How To Conduct A Prior Art Search Yourself With Zero Budget?
To conduct a comprehensive prior art search you either need money or skill. With money you can hire an IP research firm to conduct the prior art search for you. With skill you can use other prior art search engines that require you to create sophisticated keyword search strings and go through hundreds of documents to find relevant prior art.
However if you just want to determine the novelty aspect of your invention, you neither need money nor skill.
Yes you read it right!
We would say, don’t go by our words, try it out yourself!
A quick search on PQAI (An Initiative by AT&T ) is enough for you to determine the novelty of your invention.
3. Let’s try a sample query. How about – “A machine learning based system to sort out the waste based on the images captured by the camera in the past”?
Now, let’s take a look at the snapshot presented above. We actually found a prior art similar to the invention query we entered.
4. The best part is each result shows the claim mapping. That means, the relevant section in the prior art document that matches with the invention query. This makes it super easy for the researcher to look for matching elements between invention and the result.
5. Each result is accompanied with the following options:
Save – Just like you bookmark the webpages, you can save the results. Saved results are available for your future reference.
Find Similar – This option helps in further refining the search results. As the name suggests you get to see 10 more similar results matching that selected result.
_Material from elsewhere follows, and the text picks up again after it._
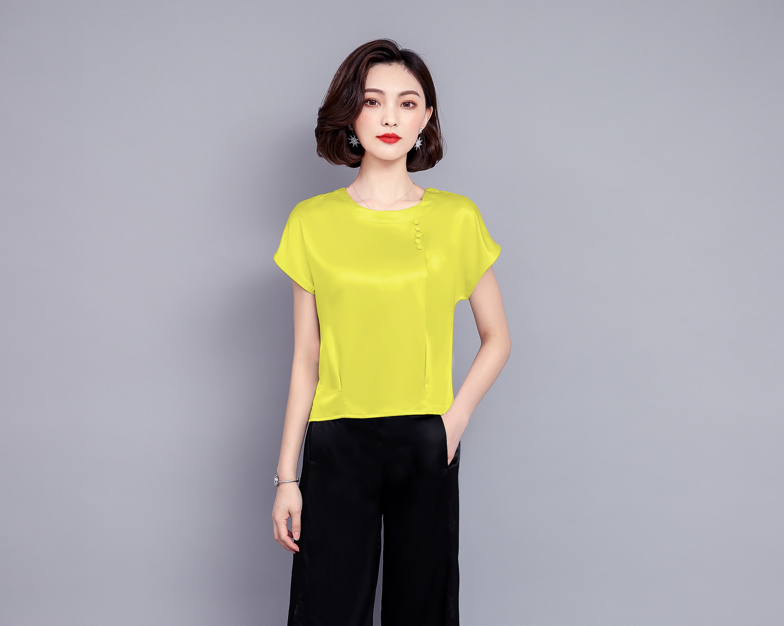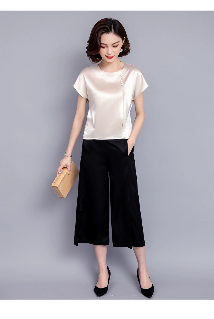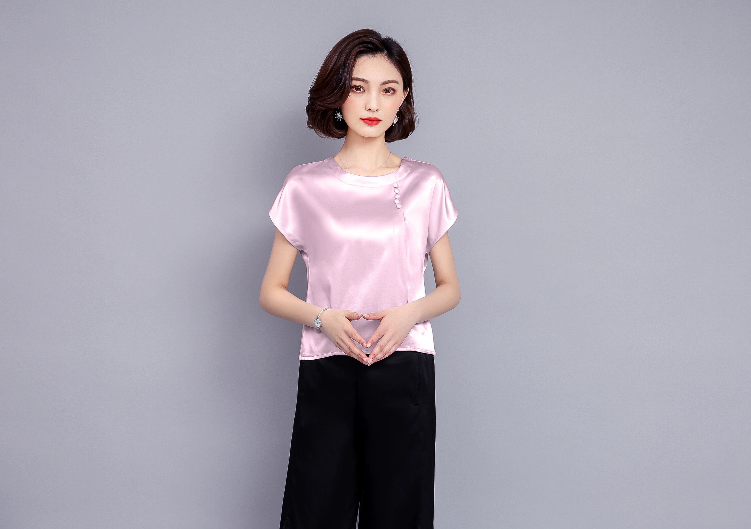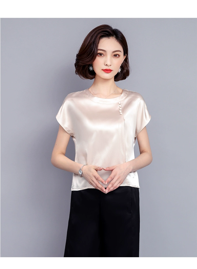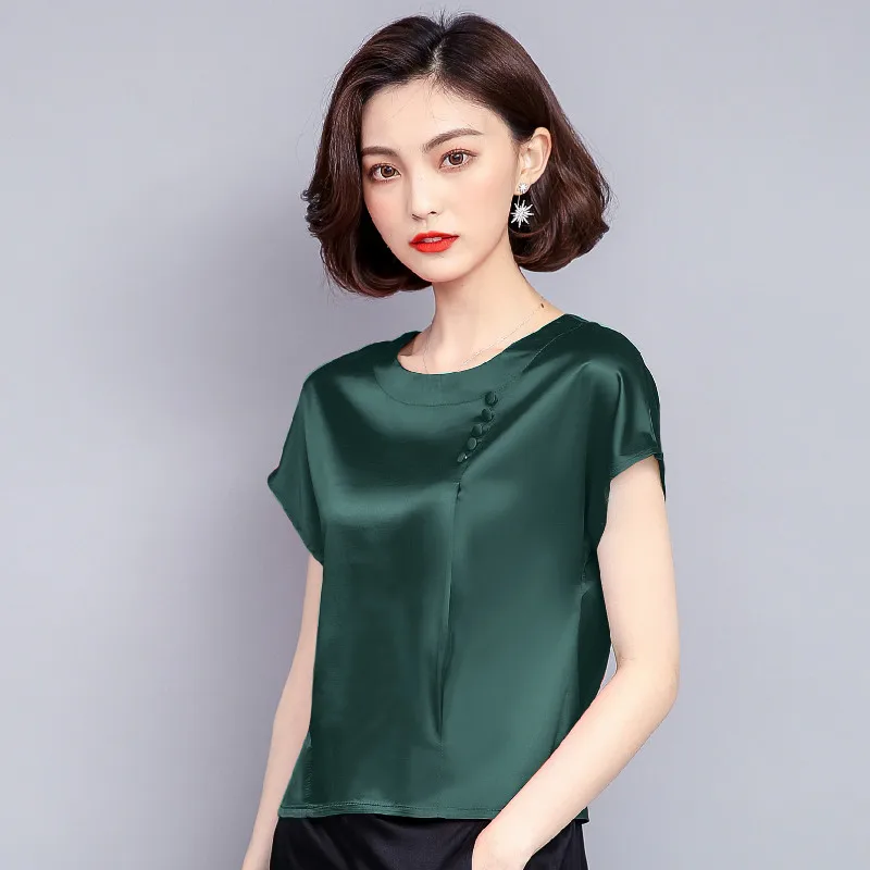 2018 Новая модная летняя одежда женские топы однотонные свободные шелковые блузки с короткими рукавамивырезом рубашки Повседневные женские с круглым блузки 0425 40
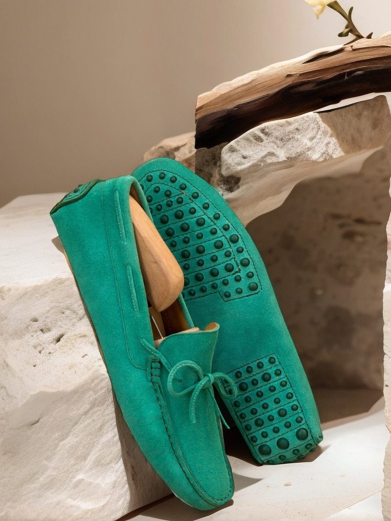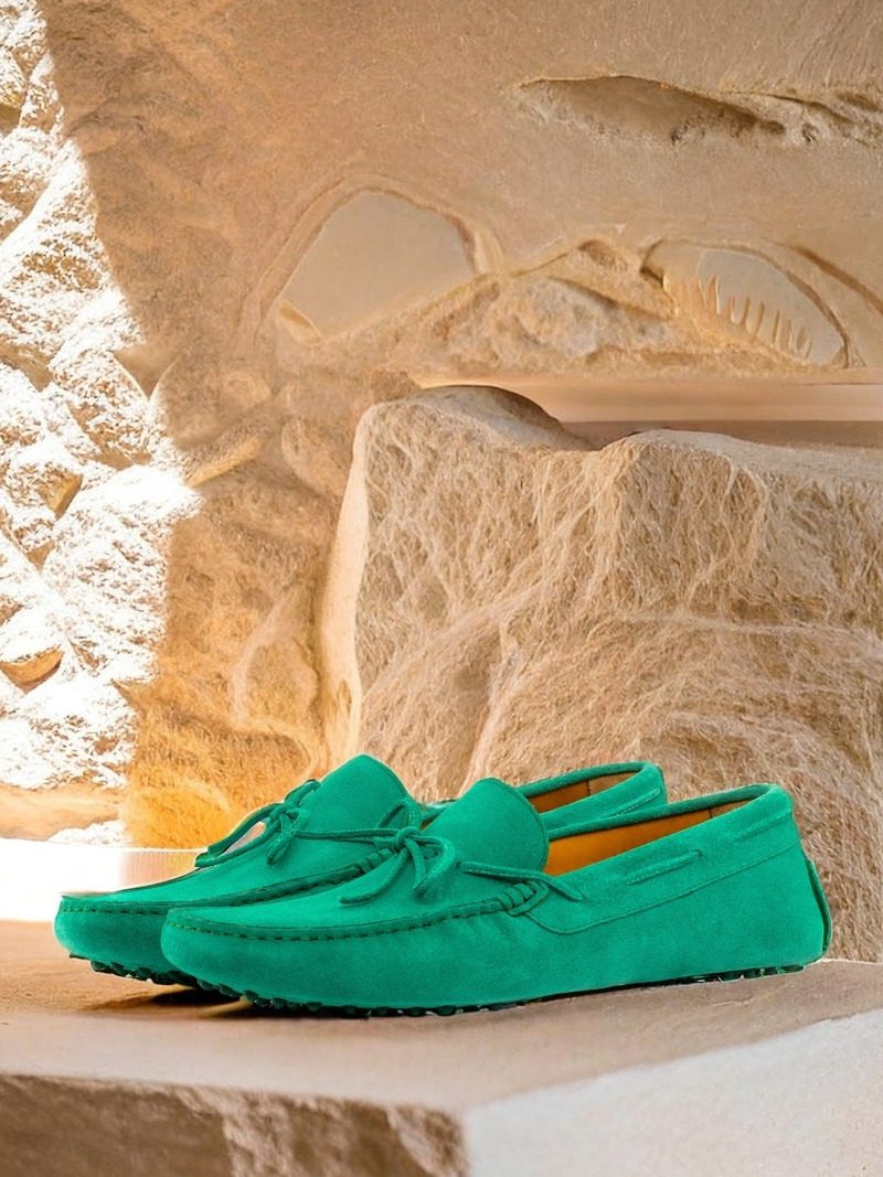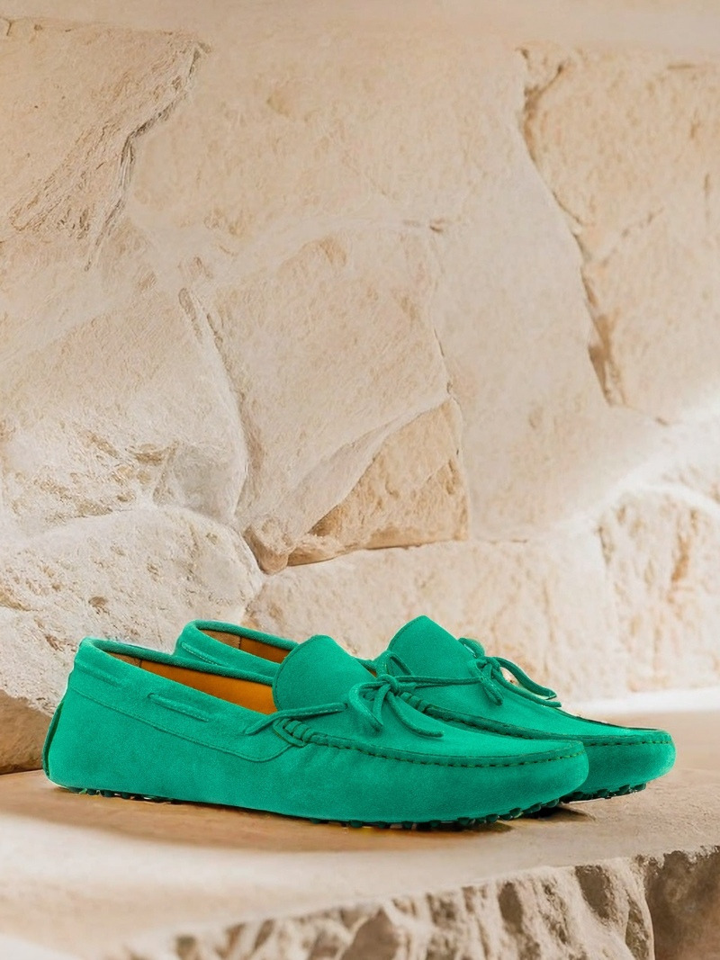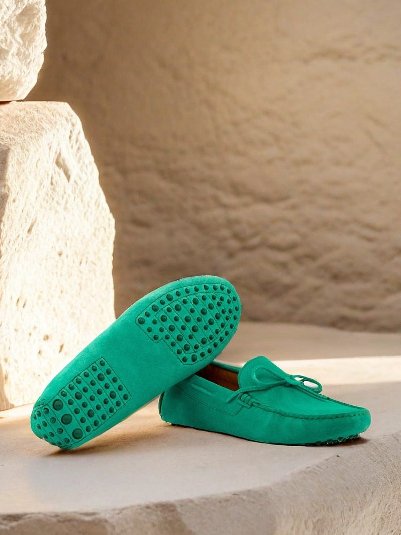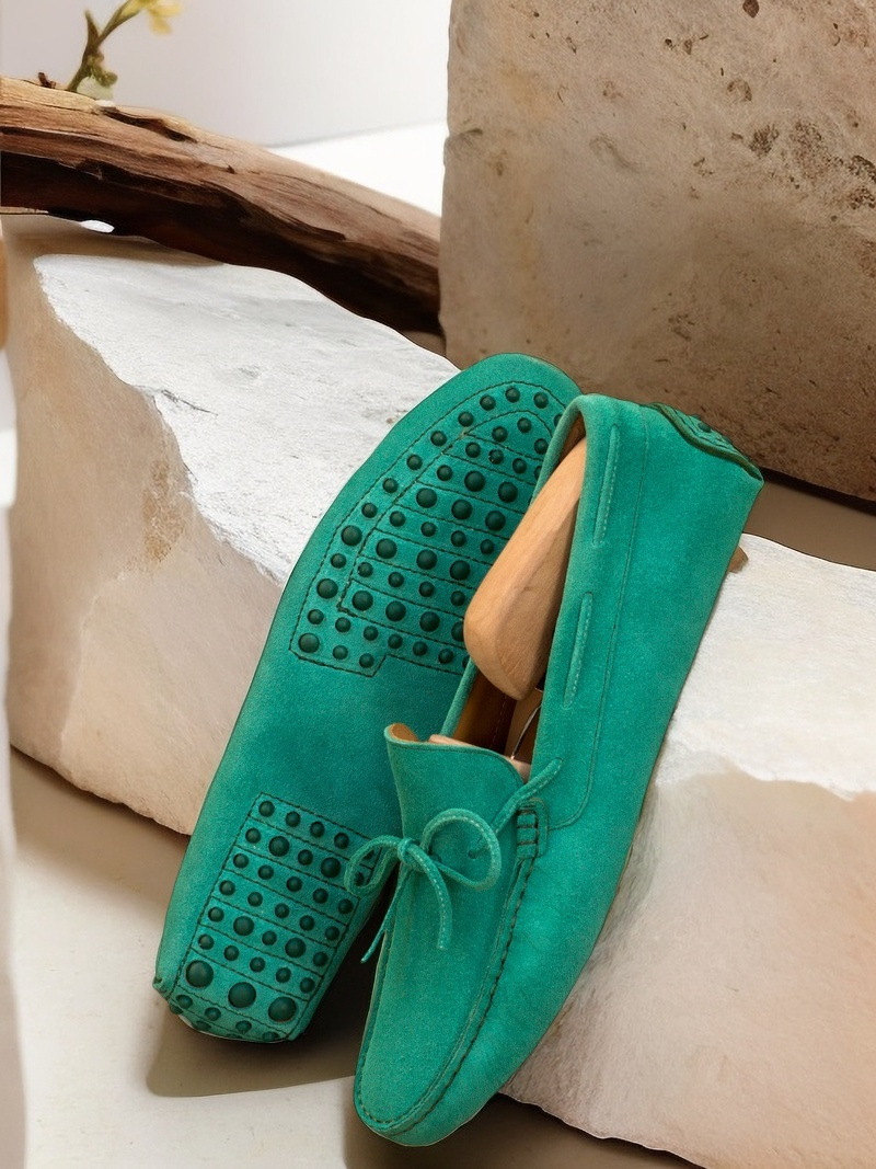 The uppers, made from rich green suede, add a pop of color to any outfit. The bow, also crafted from matching green suede, adds a touch of elegance and sets this moccasin apart from any other. The stitching, done in a complementary green, adds a subtle yet eye-catching detail to the overall design.

View Document – With this option, you can view the selected result document in a new tab. Example: If it’s a US patent, you will be directed to the Google patents link for the selected patent.
Feedback – With a thumbs up or thumbs down, you can give feedback on the relevancy of the result.
Once you establish the novelty of your invention, the next step is to fill the invention disclosure form. An up-to-date invention disclosure form shall help you prepare for a meeting with a patent attorney.
Let’s Sum It Up
You don’t want USPTO to reject your patent application because someone else has already patented an invention like yours. To ensure the same it’s necessary to find out if your invention is new before you file a patent over it. The easiest and the most cost-effective way to do so is using PQAI Prior Art Search Engine.
Besides determining the novelty of your invention, you need to check your invention for patentability. You need to make sure that your invention is a patentable subject matter.
Conducting prior art search benefits you in many other ways than just novelty determination. To name a few:
Conducting a prior art search early in the process shall help you save resources which would have been otherwise used in pursuing it for patenting. As it won’t make financial sense if someone else has already patented it.
When you read the patents on the invention like yours, you shall be in a better position to refine your idea. And refine it in a manner that it’s new and non-obvious.